Azure Databricks File systems
Having said that, Databricks has contributed significantly on top of Apache Spark. This includes some really cool library and API for data manipulation and maintenance. For instance, they have added Databricks Koalas, which runs Pandas API on spark. This is a boon to Data Scientists and ML engineers who love Pandas. Nevertheless, it is an icing on the cake to have a file system API on spark for data manipulation. These APIs come along with dbutils module/package. For more on dbutils, refer to this link.
Within dbutils, we have the fs submodule which helps us with our objective. It is also called as DbfsUtils. In your Databricks notebook, type dbutils.fs.help() to know more about it.

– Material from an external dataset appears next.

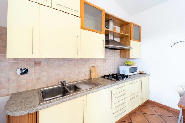 BILOCALE 4 PERSONE PIETRA: Bilocale per 4 persone (circa 28 mq), situato nella casa in pietra, dispone di bagno, zona giorno con eventuale divano letto matrimoniale e angolo cottura, camera da letto con letto matrimoniale o due letti singoli, alcuni con letto a castello. Offre Tv sat, Wi-fi, angolo cottura con frigo e alcuni con freezer, forno normale o a microonde, fornello a gas (4 fuochi).

Azure Data Lake data manipulation
Back to our scenario, how do we manage compliance requirements with Azure Databricks in Azure Data Lake? First things first, you need to be able to connect to Azure Data Lake using Azure Databricks, before manipulating the same. For details on how to connect to Azure Data Lake Gen2 using Azure Databricks, refer to this link:
Within dbutils.fs, use ls function. It takes the directory as an input parameter and returns the files contained in it in a list format.
The result will be a list of lists with path and the name of the file. Extract the file paths and names in separate lists for further convenience.
for i in range(len(filelist)): if filelist[i].isDir()==True: subdirectories.append(filelist[i].path) else : filepaths.append(filelist[i].path) filenames.append(filelist[i].name)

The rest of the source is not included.